Starting out with just four kits - a flower seed growing kit, acrylic paint set, biscuit baking set and an outdoor explorer kit - she took them to a local market and sold the lot.
There was a similar response from a nearby toyshop. Everything was sold in one day.
"Which said to me that definitely parents were wanting the same thing that I was thinking which was: why can't we give these kids real things, why are we trying to give them constantly pretend and then wondering why they're disappointed, frustrated with the results."
The company has doubled in size every year in the six years since and now produces several hundred different kit styles from its East Tamaki base, 75 per cent of which head to stores overseas.
Seedling's stockists include Harrods, Selfridges and John Lewis in Britain, and the MoMA store, Neiman Marcus and Anthropologie in America.
Hayman says the secret to their success has been people seeing the product and instantly "getting it".
"It's not something we have to explain or do the hard sell on."
She even enjoys the luxury of being paid in New Zealand dollars. "We have some great trading terms, which our banks absolutely love, and people are prepared to pay that because they want the product so badly."
Although the components for the kits are a mix of products sourced here and overseas, the design and assembly is all done by about 30 staff in Auckland.
That not only gives Hayman the flexibility to do small test runs of new products - something that would be too costly if manufacturing was done in China - it also means a sharp eye can be kept on quality.
"For us, we're a brand story.

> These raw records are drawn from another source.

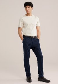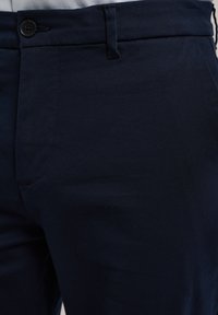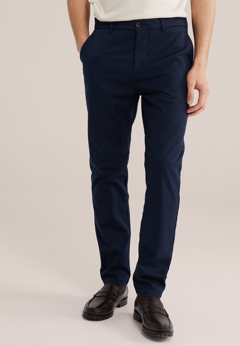 Uomo che indossa pantaloni chinos slim fit blu navy con tasche laterali e mocassini in pelle nera, in piedi davanti a uno sfondo neutro.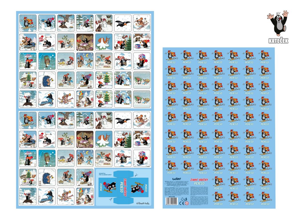 Krtek Pexeso vystřihovací, zimní hrátky. 32 párů. Na archu krabička k vystřižení. Rozměry jednotlivých kartiček 48x48 mm. Papír 400g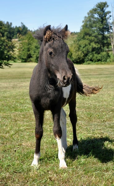 Original Shetlandponyhengstfohlen– auffälliger Rappschecke mit To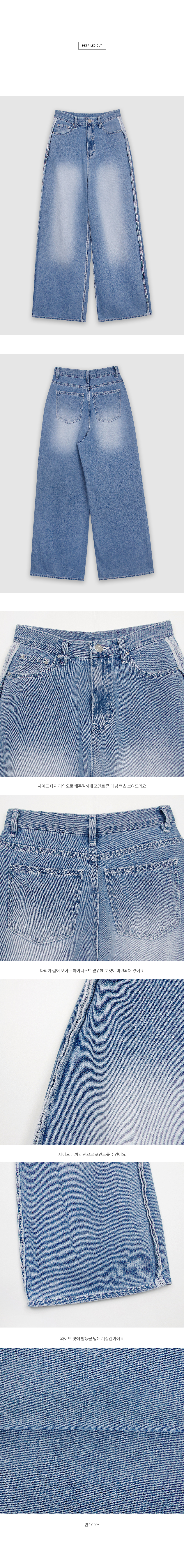 사이드 데끼 라인으로 캐주얼하게 포인트 준 와이드 데님 팬츠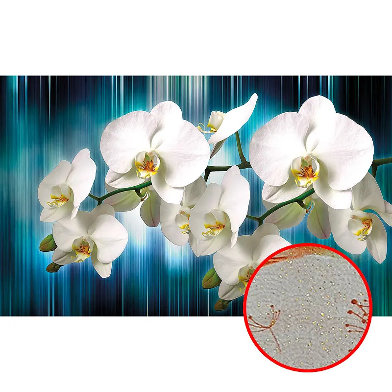 Технические характеристики Фреска Ortograf 3D 6714 Фактура бархат золото FX-G Флизелин (4,4*2,7) Синий/Белый, Цветы/Абстракция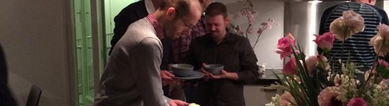 Een ontspannen avond met de mannen van de gemeente. De vrouwelijke equivalent is niet op de gevoelige plaat vastgelegd.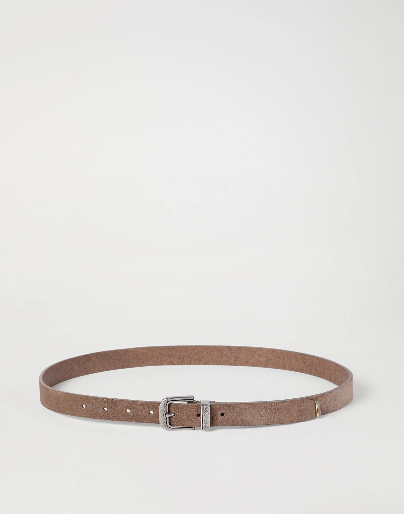 The velvety, slightly uneven texture of rough-out leather enriches this new belt with a retro touch. The buckle, loop and tip showcase a refined engraved pattern that enhances the metal’s slightly aged effect. MATERIALS Reverse leather is soft and suede-like with a slightly uneven texture. DETAILS Belt height approx. 2.5 cm (0,98") All metal parts are Nickel-free REAL LEATHER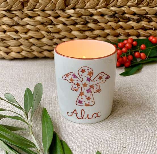 Le petit bougeoir « Ange étoilé » est une création en céramique peinte à la main, disponible en deux coloris et entièrement personnalisable.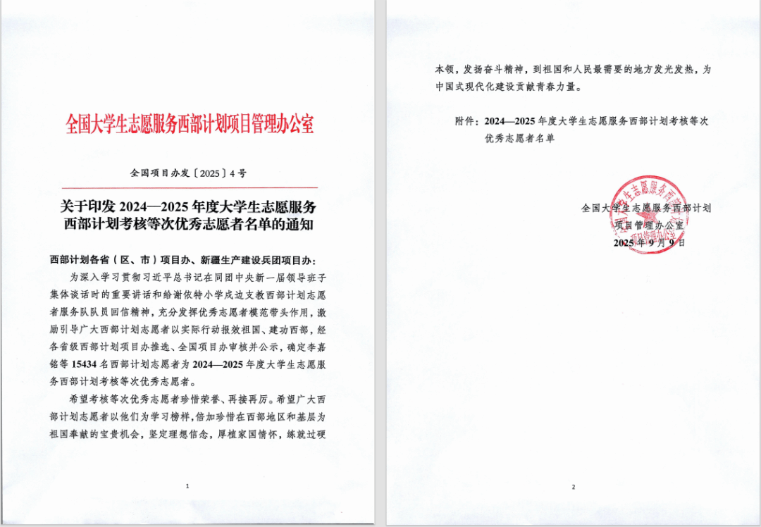 近日,全国大学生志愿服务西部计划项目管理办公室发布《2024-2025年度大学生志愿服务西部计划考核等次优秀志愿者名单公示》,我系2名大学生志愿服务西部计划志愿者获评全国西部计划考核等次优秀!

We're not a single-product, one-trick pony. For us it's really about making sure that quality and the innovation is the story that people are getting when they buy the product."
Seedling has its own retail stores online and physically in Remuera, deals directly with New Zealand and Australian stockists and has distributors taking the product further afield.
Hayman fields lots of inquiries from overseas distributors but experience has taught her to ensure potential partners are up to the job before signing on. "Passion is great but we need infrastructure."
Knowledge, know-how and strong connections to key retailers tick the criteria Hayman has set for distributors. "There has never been a harder time to enter the wholesale/retail market than through the GFC," she says.
"Retail stores are struggling enough, they don't want to deal with new distributors, they're not interested in trying to establish new relationships. We need to go out and do the work to make sure our product is accessible to them in a way that they are already comfortable with."
With turnover now between $4 million and $5 million, Hayman is preparing to grow Seedling into a global brand.
"We're no longer just going to let markets grow themselves."
Australia, where Seedling is stocked in about 800 stores, has been an indication of how well the brand can perform when the company deals directly with the market, says Hayman.
In America the toy market is worth $21 billion, with arts and crafts taking a $1 billion slice of that.
"We don't see any true market leaders that are able to say they are the Lego or the Barbie of those markets."